+++ Stored data +++

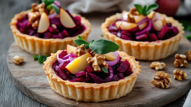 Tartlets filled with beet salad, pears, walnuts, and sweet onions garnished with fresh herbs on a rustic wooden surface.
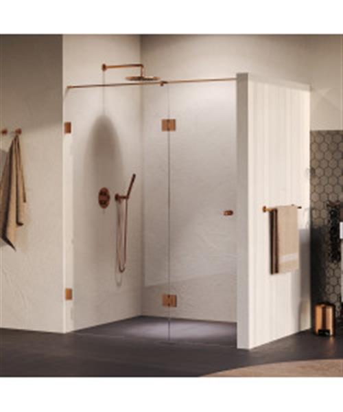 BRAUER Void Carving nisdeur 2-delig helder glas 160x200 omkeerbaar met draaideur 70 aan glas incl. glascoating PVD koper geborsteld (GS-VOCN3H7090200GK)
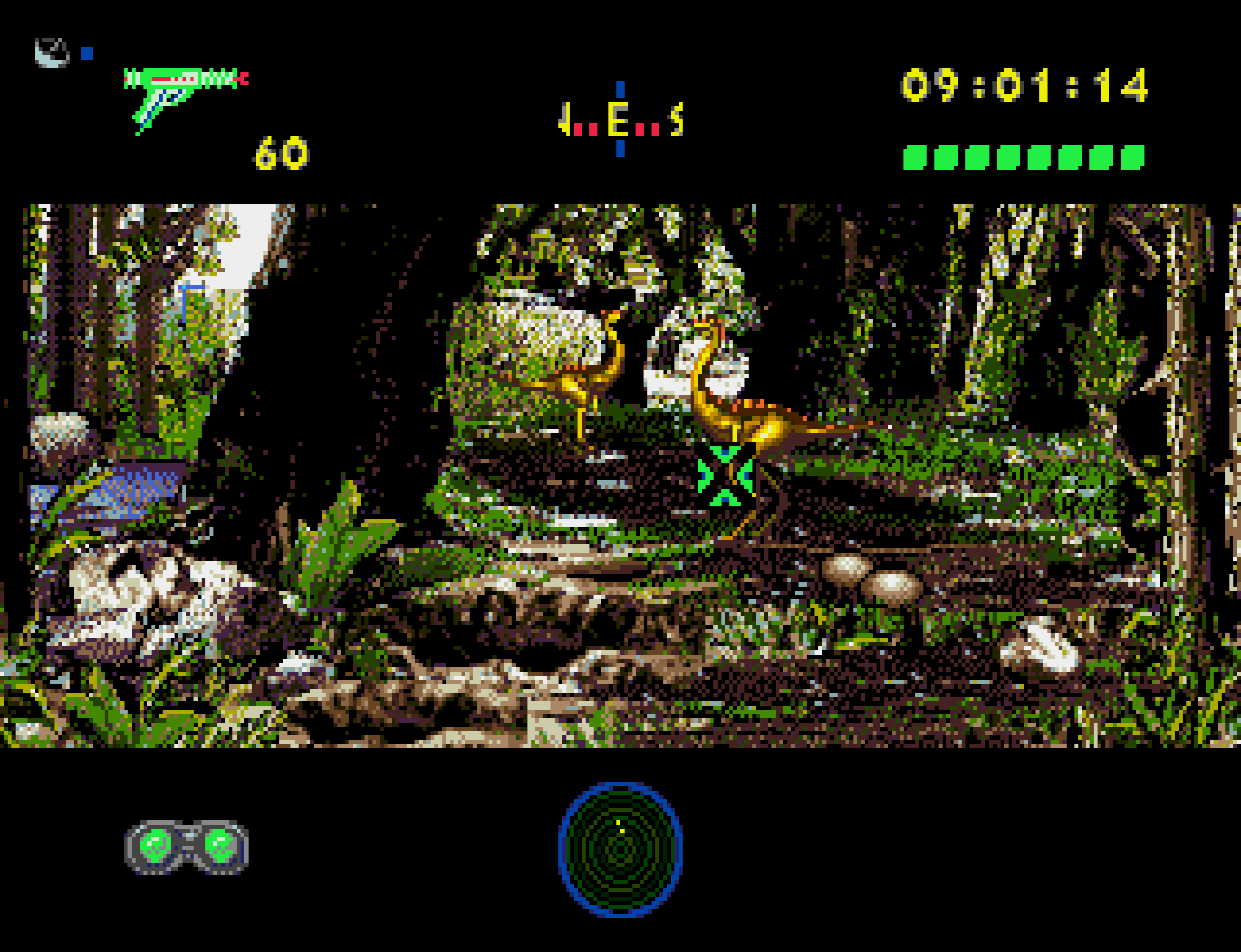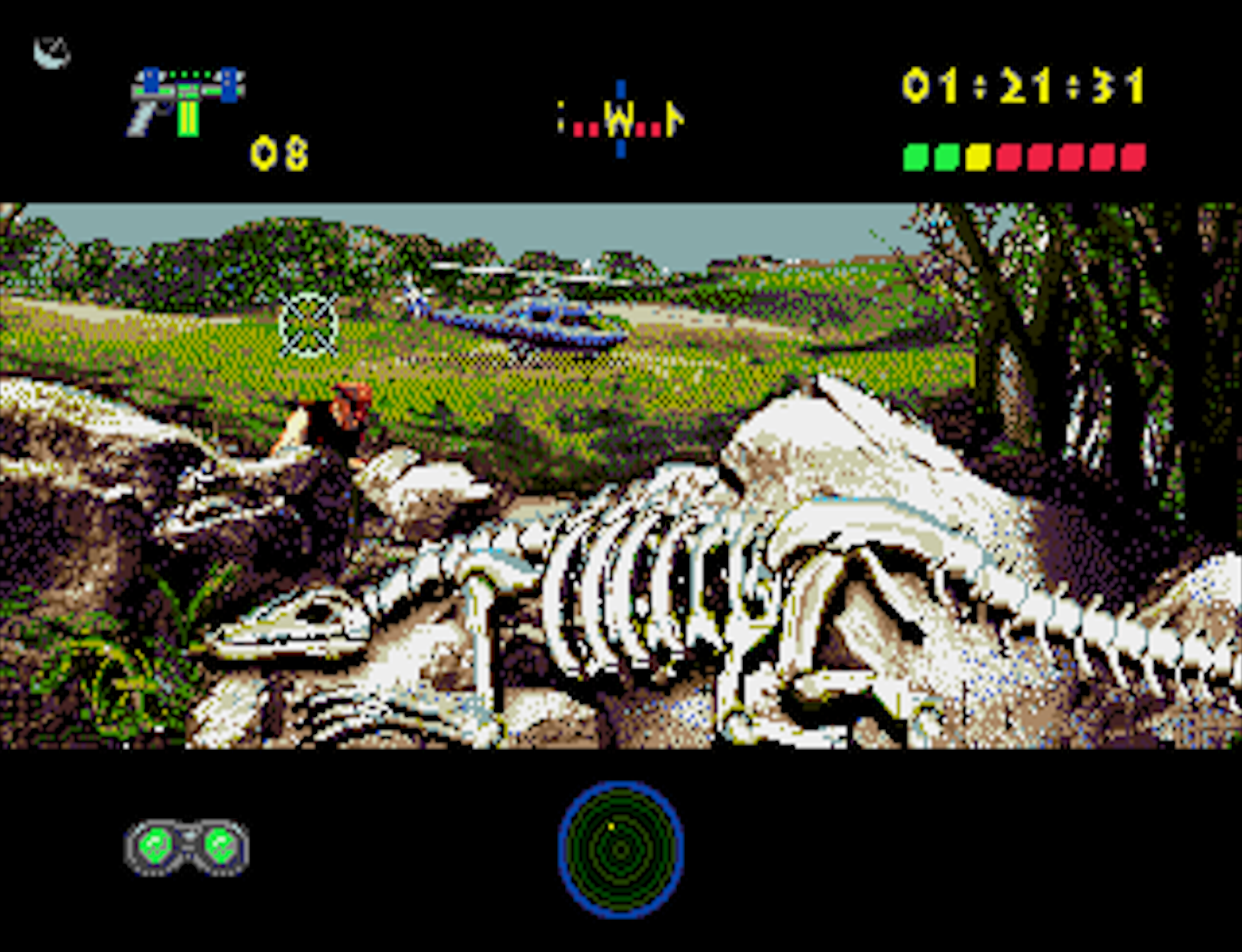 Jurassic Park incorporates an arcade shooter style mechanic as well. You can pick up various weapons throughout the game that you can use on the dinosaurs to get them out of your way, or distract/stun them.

+++

* **Work required**
Each line of the data above needs to be retyped as it is, without any picture.

* **Result of this exercise**
 Tartlets filled with beet salad, pears, walnuts, and sweet onions garnished with fresh herbs on a rustic wooden surface.
 BRAUER Void Carving nisdeur 2-delig helder glas 160x200 omkeerbaar met draaideur 70 aan glas incl. glascoating PVD koper geborsteld (GS-VOCN3H7090200GK)
 Jurassic Park incorporates an arcade shooter style mechanic as well. You can pick up various weapons throughout the game that you can use on the dinosaurs to get them out of your way, or distract/stun them.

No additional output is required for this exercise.